The High Court has found in favour of the claimant, Sam Theedom, a recruitment consultant, in a preliminary issues trial on meaning and serious harm in a defamation case – one of the first trials on the question of what amounts to “serious harm” for the purposes of section 1 of the Defamation Act 2013 and the first preliminary issues trial on meaning and serious harm to date in which the claimant has been completely successful.

The claimant brought an action against his former employer, Nourish Training Limited trading as CSP Recruitment, and a director of his employer, Colin Sewell, after Mr Sewell sent an email to over 100 companies, who were clients and potential clients of the claimant, making allegations about Mr Theedom’s conduct.

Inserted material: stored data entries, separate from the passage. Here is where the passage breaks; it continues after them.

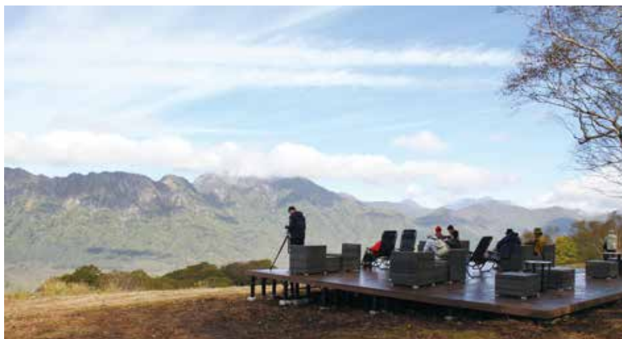
秋山リフト運行に際し、怪無山山頂に設置された展望デッキの様子(10月13日撮影)

怪無山山頂は、戸隠連峰が一望できる最高の場所です。県内のスキー場では夏山リフトなどをやっていたり、戸隠でもできないかと考えていたとき、観光庁の補助金を知り、今年初めて秋山リフト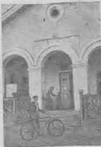
На снимке: фасад Буланашской бани.

Для медицинского обслуживания поселовцы работают поликлиника, детская консультация, родильное отделение, профилакторий.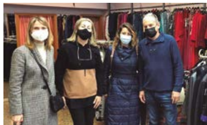
Modas Mayte (plaça Generalitat, 28)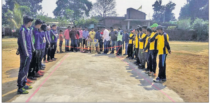
ଅତିଥି ପ୍ରତିଯୋଗୀଙ୍କୁ ଉଦ୍‌ଯାପନ କରୁଛନ୍ତି।

କିଶୋରନଗର ବ୍ଲକ ନାଟକ ପଞ୍ଚାୟତ ବଡ଼ ତଳିଆଣା ଗ୍ରାମ ଖେଳ ପଡ଼ିଆଠାରେ ମଙ୍ଗଳବାର ପ୍ରସନ୍ନ ଓ ଜ୍ଞାନେନ୍ଦ୍ର ମେମୋରିଆଲ କପ୍ କ୍ରିକେଟ୍ ତୁର୍ଣ୍ଣମେଣ୍ଟ ଉଦ୍‌ଯାପିତ ହୋଇଯାଇଛି।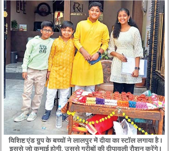
विशिश्ट एंड ग्रुप के बच्चों ने लालपुर में दीया का स्टॉल लगाया है। इससे जो कमाई होगी, उससे गरीबों की दीपावली रोशन करेंगे।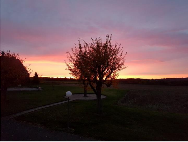
(Bibel-Wochenende in Vallendar, Okt. 2020)

Nachrichten der Katholischen Gehörlosengemeinde im Bistum Trier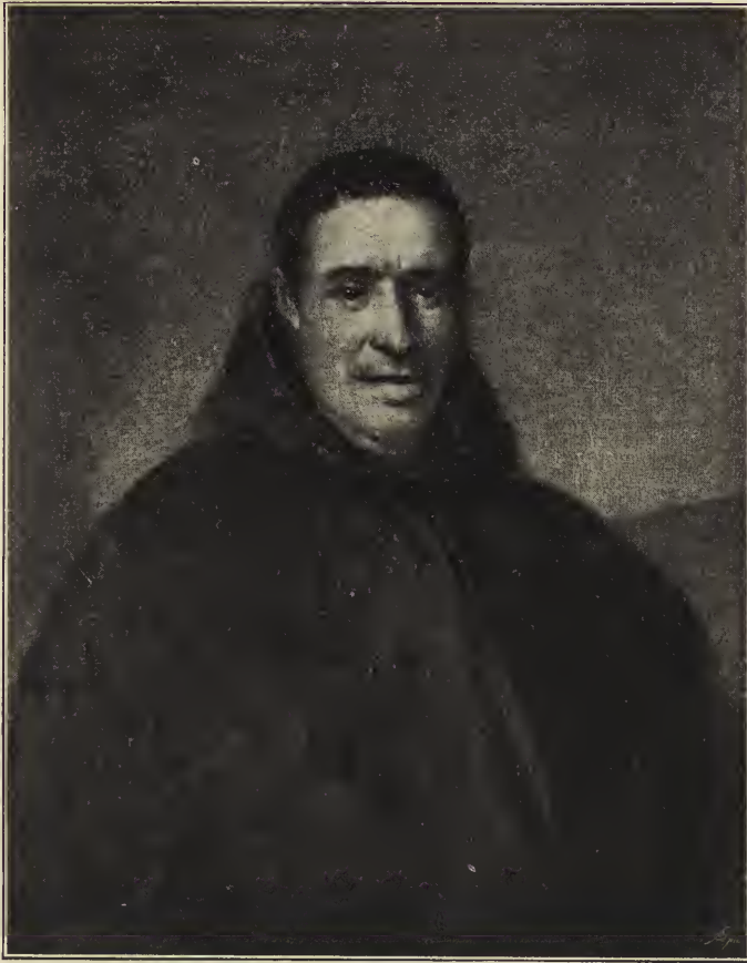
Abb. 53. Bildnis des Vaters Cavanillas. Im Pradomuseum zu Madrid.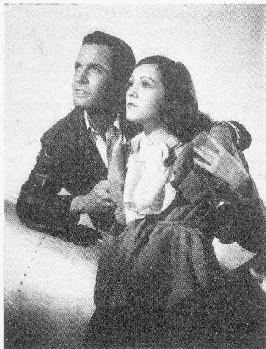
Nancy Kelly et Edward Norris dans «Descente en vrille» (Tail Spin). 20th Century-Fox.

triebe dürfen nur solche Bilder aus Filmaufnahmen vervielfältigen oder zur Veröffentlichung annehmen, die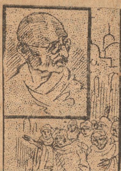
LOS VIOLENTOS SUCCESOS DE LA INDIA

En la cárcel de Yerovna en Poona, se encuentra encerrado el líder Mahatma Gandhi. Entre las cuatro paredes de su prisión permanece tranquilamente leyendo las telas para sus vestidos y bebiendo té de cábr con la impasibilidad que le caracteriza.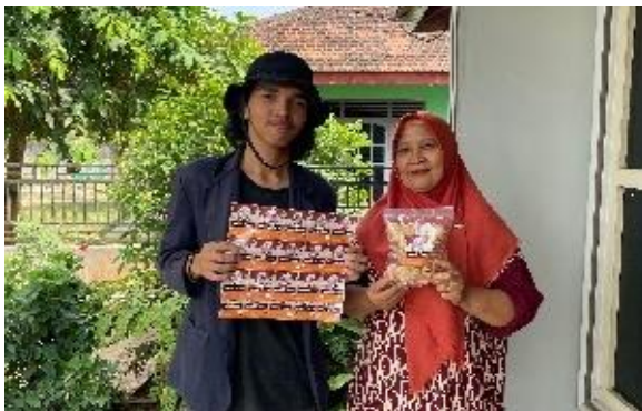
Lampiran 1.27 Rebranding Logo dan Kemasan Keripik Tempe Cihuy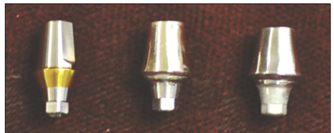
Fig. 1. Abutment specimens of this study.

1 군인 티타늄 지대주는 2 mm의 치은부 높이, 6 mm의 수직고경, 4 mm 폭경의 원추형 지대주를 사용하였다. 2 군과 3 군을 1 군과 유사한 형태로 제작하기 위하여 임플란트 유사체를 석고 모형에 식립한 후 납형을 제작하였다. 이러한 방법으로 각 군마다 1군과 같은 높이와 폭경으로 7개의 납형을 형성하였고 이를 주조하기 위해 인산염계 매몰재(Uni vest non-precious, Shufu Inc., Tokyo, Japan)로 매몰하여 850°C의 온도로 소환 후 주조하였다. 또한 모든 주조체는 50-125 μm 글라스 비드를 21.7-29.0 psi의 공기압으로 분사하여 산화막을 제거한 후 연마하였다. 이 모든 가공 과정은 한 명의 기공사가 시행하였으며 매몰 등 주조 작업에 관한 기준은 해당 제품 제조사의 지침을 준수하였다(Fig. 1).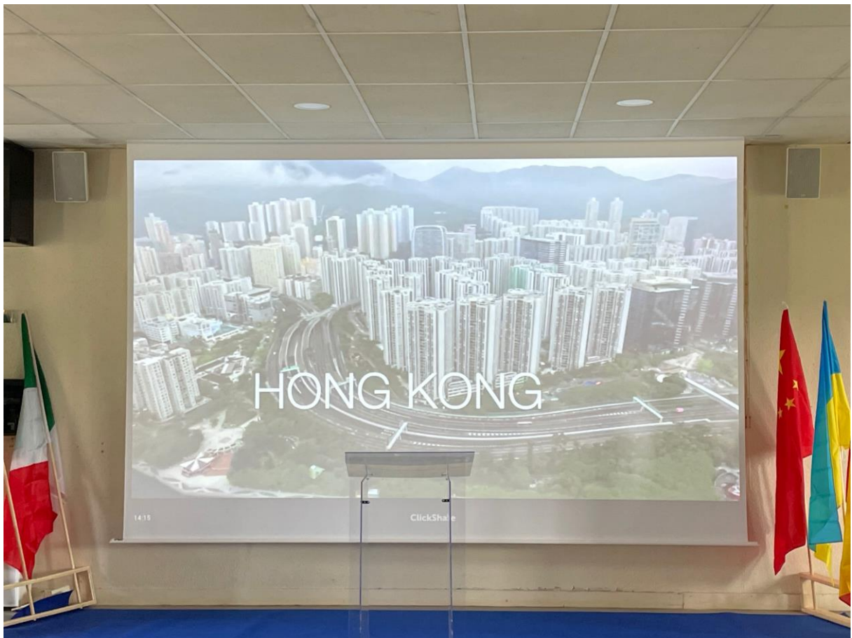
Un visuel en fond pour rendre l'événement plus officiel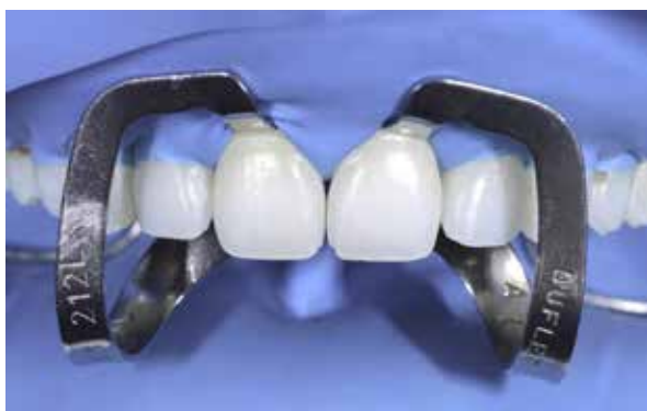
Figura 36 – Isolamento absoluto.

O ajuste da oclusão foi executado em Máxima Intercuspidação Habitual de forma criteriosa, sendo também verificados os movimentos de protusão e lateralidade. O aspecto final do caso demonstrou solução para as queixas da paciente, tanto na questão do volume (Figura 44), como para questão da exposição gengival (Figura 45). O resultado estético obtido harmonizou-se com a face da paciente (Figura 46).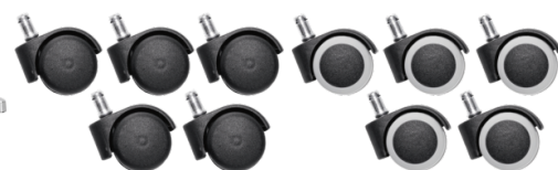
Réf. 10207 Jeu de 5 roulettes sol moquette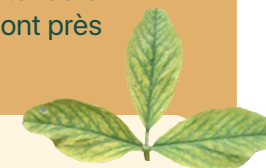
Figure 4. Chloroses internervaires associées à une carence en magnésium

Guide de référence en fertilisation, CRAAQ ▶▶▶

These included allegations that Mr Theedom had regularly supplied important confidential information about CSP’s business and its customers to CSP’s commercial rivals in breach of his contractual obligations; that CSP had dismissed him for gross misconduct; and that his misconduct had been so serious that there were reasonable grounds to suspect that it also amounted to a criminal offence.

The defendants argued in Court that the publications complained of would not meet the “serious harm” threshold as, they argued, the contents of the email containing the words complained of would have been ‘glossed over’ by ‘busy’ recipients of the email, and that the allegation of criminality could be ignored as the email could be characterised as essentially about gross misconduct in the context of employment. They also argued that the claimant had not suffered serious harm to his reputation as he had quickly found a similar role in an alternative recruitment consultancy.

HHJ Moloney QC rejected the defendants’ arguments on meaning, and found that the email bore defamatory meanings which were grave enough on their own to satisfy by inference the threshold of causing or being likely to cause serious harm to Mr Theedom’s reputation. He also found that the evidence demonstrated actual harm to Mr Theedom’s reputation.

The judge made directions for a full trial next year.